Provided material ::
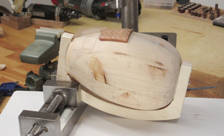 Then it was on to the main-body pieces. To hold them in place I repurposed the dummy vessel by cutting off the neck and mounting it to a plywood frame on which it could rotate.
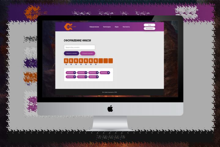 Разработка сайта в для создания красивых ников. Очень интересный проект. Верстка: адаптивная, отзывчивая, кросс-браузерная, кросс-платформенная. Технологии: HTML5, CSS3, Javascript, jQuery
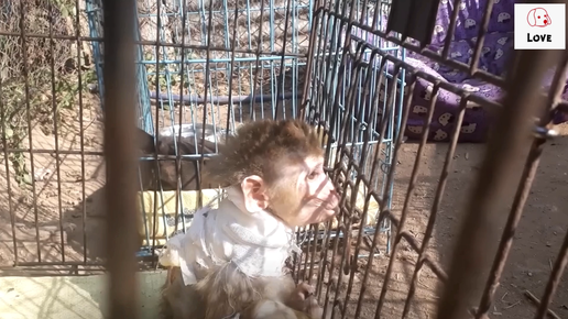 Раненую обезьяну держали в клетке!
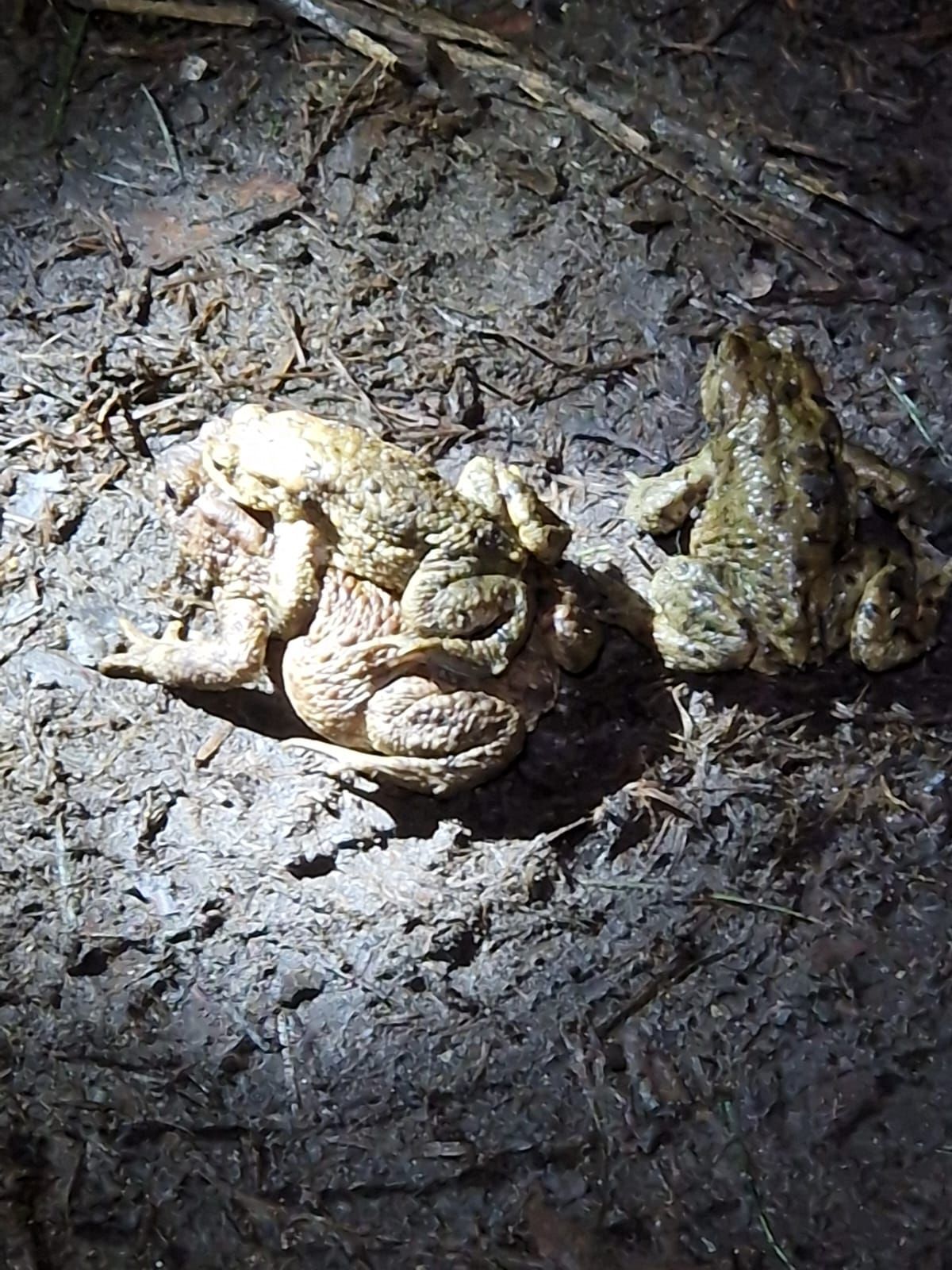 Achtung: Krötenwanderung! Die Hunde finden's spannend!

Task prompt :: Skipping all images, output the listing exactly.

Output of the exercise ::
 Then it was on to the main-body pieces. To hold them in place I repurposed the dummy vessel by cutting off the neck and mounting it to a plywood frame on which it could rotate.
 Разработка сайта в для создания красивых ников. Очень интересный проект. Верстка: адаптивная, отзывчивая, кросс-браузерная, кросс-платформенная. Технологии: HTML5, CSS3, Javascript, jQuery
 Раненую обезьяну держали в клетке!
 Achtung: Krötenwanderung! Die Hunde finden's spannend!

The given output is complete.